A multi-agent system for analyzing surveillance infrastructure using OpenStreetMap data. The system operates completely locally without external APIs and uses LangChain-based agents that create memories of their actions.

Overview

The pipeline consists of two main agents:

  • Scraper Agent: Downloads surveillance data from OpenStreetMap via Overpass API
  • Analyzer Agent: Enriches data using local LLM analysis and generates visualizations

Key Features:

  • Local LLM processing (no external APIs)
  • Persistent agent memory with SQLite
  • Multiple analysis scenarios (basic, full, quick, report, mapping)
  • Rich CLI interface with progress tracking
  • Automatic caching to avoid re-downloading data
  • Comprehensive visualizations (heatmaps, hotspots, charts)

Installation

Prerequisites

  • Python 3.11
  • uv package manager

Install Python 3.11

  • For macOS
  • For Ubuntu
    • You can utilize the Deadsnakes PPA.

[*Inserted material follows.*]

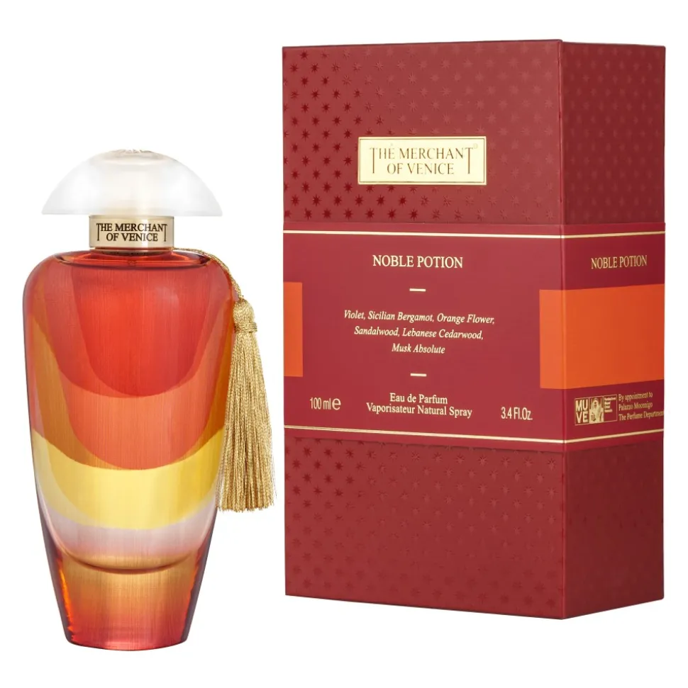 The fragrance Noble potion is confined in a bright flacon displaying a warm-yellow-to-red gradient pattern. Its design resembles the reddish golden colour of a warm sunset over the sea. It is completed with a golden tassel around its neck and an elegant white semi-transparent cap through which we can view the wind rose.

      sudo add-apt-repository ppa:deadsnakes/ppa
      
    • Update the package list.

      sudo apt update
      
    • Install Python 3.11.

      sudo apt install python3.11
      
    • Verify the installation.

      python3.11 --version
      

Install uv

curl -LsSf https://astral.sh/uv/install.sh | sh

Create and activate virtual environment

uv venv --python 3.11
source .venv/bin/activate

Add dependencies:

uv add name-of-dependency

Synchronize dependencies

uv sync

Testing:

In order to run the tests from the root project run:

bash ./local_test_pipeline.sh

Code formatting

This project uses .pre-commit hooks to ensure universal code formatting.

To install these use:

pre-commit install

Ollama client

The application uses Ollama for interacting with LLMs locally.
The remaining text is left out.